When to use a goodwill letter
You shouldn’t send a goodwill letter to your credit card company or creditor just because you had a late or missed payment. You need to have a good reason or excuse for why the late payment occurred, like:
- A temporary financial hardship
- Delays due to switching banks or a change of address
- Failure to set up automatic payments properly
Sending a goodwill letter may show creditors you’re serious about improving or repairing your credit. That doesn’t mean they’ll approve your request to remove negative marks, but it’s a start.
A goodwill letter is a way to ask for mercy and help in moving your credit in the right direction. If you’re a loyal customer, the creditor may extend you grace to continue the business relationship.

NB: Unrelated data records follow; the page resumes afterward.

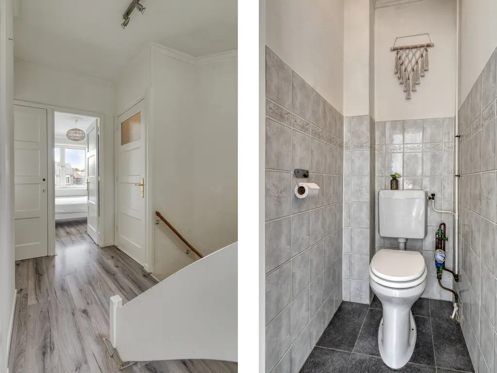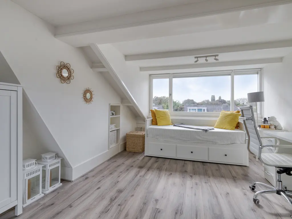 De trapopgang loopt door naar de tweede verdieping. Hier bevindt zich een ruime overloop met de opstelplaats voor de wasmachine en droger en veel praktische kastruimte. Vanuit de overloop is de tweede slaapkamer bereikbaar. Deze kamer, met een oppervlakte van veertien vierkante meter, is voorzien van een dakkapel waardoor de ruimte licht en ruimtelijk aanvoelt. De gehele bovenverdieping is in 2024 opnieuw geisoleerd.
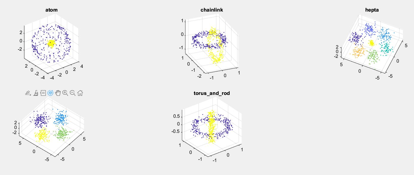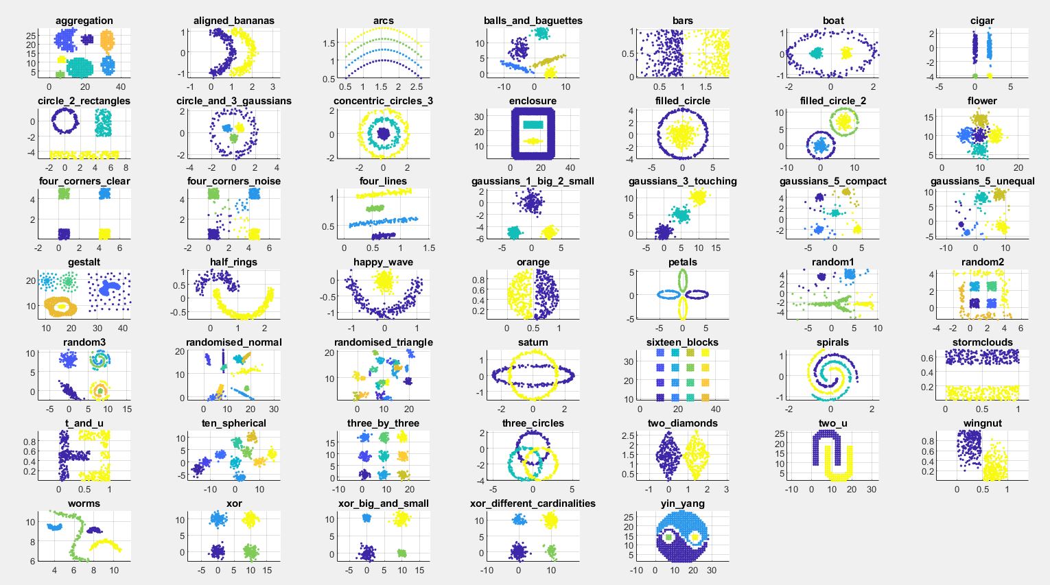This GitHub repository contains MATLAB code for generating 2D and 3D synthetic/toy/artificial datasets. The datasets have been previously used in various publications, mostly for rapid testing of classification and clustering methods. A sample of the datasets can be downloaded from here. Currently, there are 52 datasets: 47 two-dimensional sets
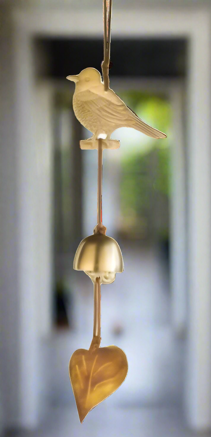 Our melodious brass Robin Chime will make a wonderful accent to your porch area. Handcrafted from solid brass by Tibetan and Indian artisans, each bell and element of the chime is individually sand-cast and meticulously hand-tuned to ensure clarity of sound and tone. Strung on a durable waxed cotton cord.
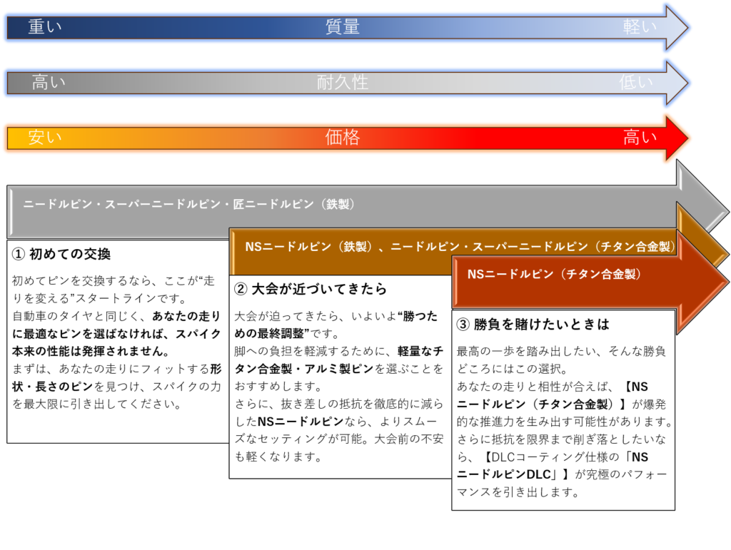 接地時のピンの抵抗を減らしたいなら、NS処理をしたNSニードルピンやNSスーパーニードルピンが効果的です。接地時の地面の食いつきを保ちながら、スムーズなけり出しをサポートする設計を行っております。
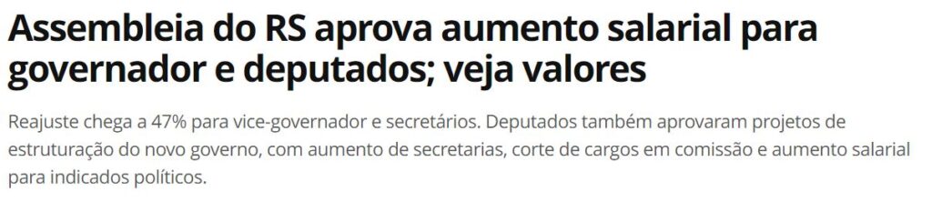 – O fato é que a cada eleição, antes da posse, a última providência das Assembleias e Congresso é propor aumento de salário dos eleitos. A de São Paulo aprovou aumento de 50% e a do Rio está querendo 62%. Privilégios de um país cujo povo é passivo e conformado…
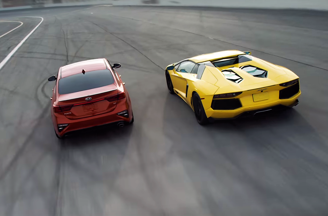 קיה פורטה מול למבורגיני אוונטדור – ראש בראש על המסלול זה לא משהו שרואים כל יום.
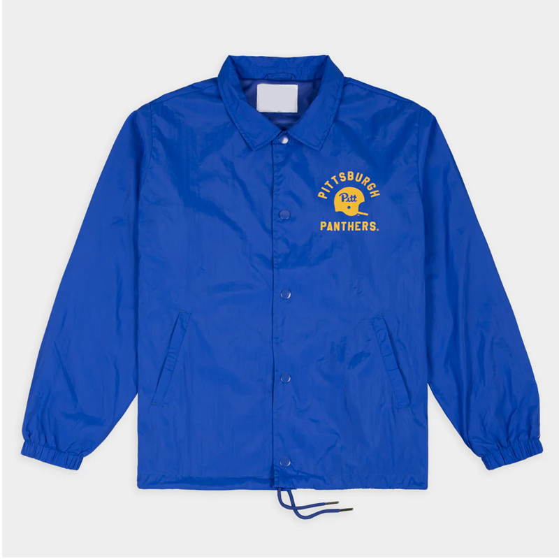 The Pitt Panthers Coaches Jacket serves fans with style as an excellent piece of outerwear clothing they can support their team with. Men and women can wear this royal blue polyester jacket which symbolizes Pittsburgh Panthers football team heritage. The viscose lining delivers peak comfort and breathes well and stays warm so fans can use this jacket for games and daily activities.

How to write a goodwill letter
Below is a goodwill letter template to guide you when writing credit card issuers. Customize it as needed to fit your specific situation.
To Whom It May Concern,
I am writing regarding a recent late payment on my (creditor name) account reported to the credit bureau.
I’ve enjoyed being an account holder and building our business relationship. The recent late payment on my account was due to (insert explanation). I am sorry for the inconvenience and understand that I am solely at fault for the occurrence. I am dedicated to making sure my monthly bills are paid on time moving forward.
Would you consider making a goodwill gesture and removing the late payment from my credit reports? A goodwill adjustment would allow me to continue my efforts to build up a positive credit score and history and remain in good standing with (creditor name).
Thank you for your time and consideration,
(Your account number)
Card companies may have a specific department that handles goodwill requests. If not, send it directly to your issuer’s customer service department, either by mail, email, or private message through your online account if available.
Do goodwill letters work?
Unfortunately, there’s no way to know if sending a goodwill letter will lead to your card issuer removing late payments or other negative marks from your credit report. Some issuers, like Bank of America, state that they don’t honor goodwill adjustment requests. Requests are more likely to be approved for late payments than more severe offenses.
If you’re looking for assistance from your credit card company, there’s no harm in asking. As long as you understand you may not achieve the intended result, there’s nothing wrong with sending a goodwill letter. The worst thing that can happen is that your request is denied, and you waste a little time writing and sending the letter.
Whether sending a goodwill letter works or not, you can start building up your credit score by making on-time payments and developing a positive credit history.